SLP can be filed against any judgment of High Court within 90 days from the date of judgement; or SLP can be filed within 60 days against the order of the High Court refusing to grant the certificate of fitness for appeal to Supreme Court.

Any aggrieved party can file SLP against the judgment or order of refusal of grant of certificate.

Refusal of a certificate of appeal by the High Court indicates that the case is not considered fit for appeal under constitutional provisions. However, the aggrieved party may still approach the Supreme Court by filing a Special Leave Petition under Article 136. The Supreme Court is not bound by the High Court’s view and may independently grant leave, subject to the limitation period of about 60 days.

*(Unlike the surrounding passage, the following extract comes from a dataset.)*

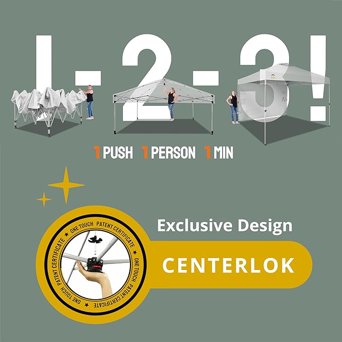 • ONE BUTTON EASY SET UP - Our 10x10 pop up canopy tent features patented one push center lock tech. With just a single push, the central hub locks the poles in place. Designed for the next generation, this outdoor canopy for patio can be set up by two people in seconds without any tools. Three adjustable height settings with soft, pinch-free buttons ensure convenience and safety, making it perfect for camping, beach outings, craft fairs, tailgating, farmer markets, outdoor BBQs, and more
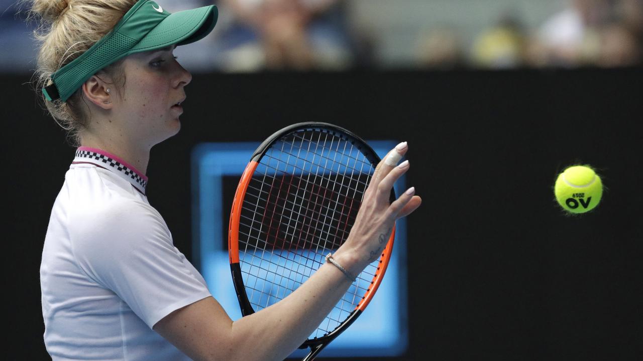 Обои Украинская теннисистка Элина Свитолина на корте с ракеткой

This petition is required to state all the facts that are necessary to enable the court to determine whether SLP ought to be granted or not. It is required to be signed by Advocate on record. The petition should also contain statement that the petitioner has not filed any other petition in the High court.
It should be accompanied by a certified copy of judgement appealed against and an affidavit by the petitioner verifying the same and should also be accompanied by all the documents that formed part of pleading in Lower court.

==The scope of power vested with the Supreme Court of India under Article 136==

The constitution of India vest "discretionary power" in the Supreme Court of India. The Supreme Court of India may in its discretion be able to grant special leave to appeal from any judgment or decree or order in any matter or cause made or passed by any Court/tribunal in the territory of India. The Supreme Court of India may also refuse to grant the leave to appeal by exercising its discretion.

An aggrieved party from the judgment or decree of high court cannot claim special leave to appeal as a right but it is privilege which the Supreme Court of India is vested with and this leave to appeal can be granted by it only.

An aggrieved party can approach the Apex Court under Article 136 in case any constitutional or legal issue exists and which can be clarified by the Supreme Court of India. This can be heard as civil or Criminal appeal as the case may be.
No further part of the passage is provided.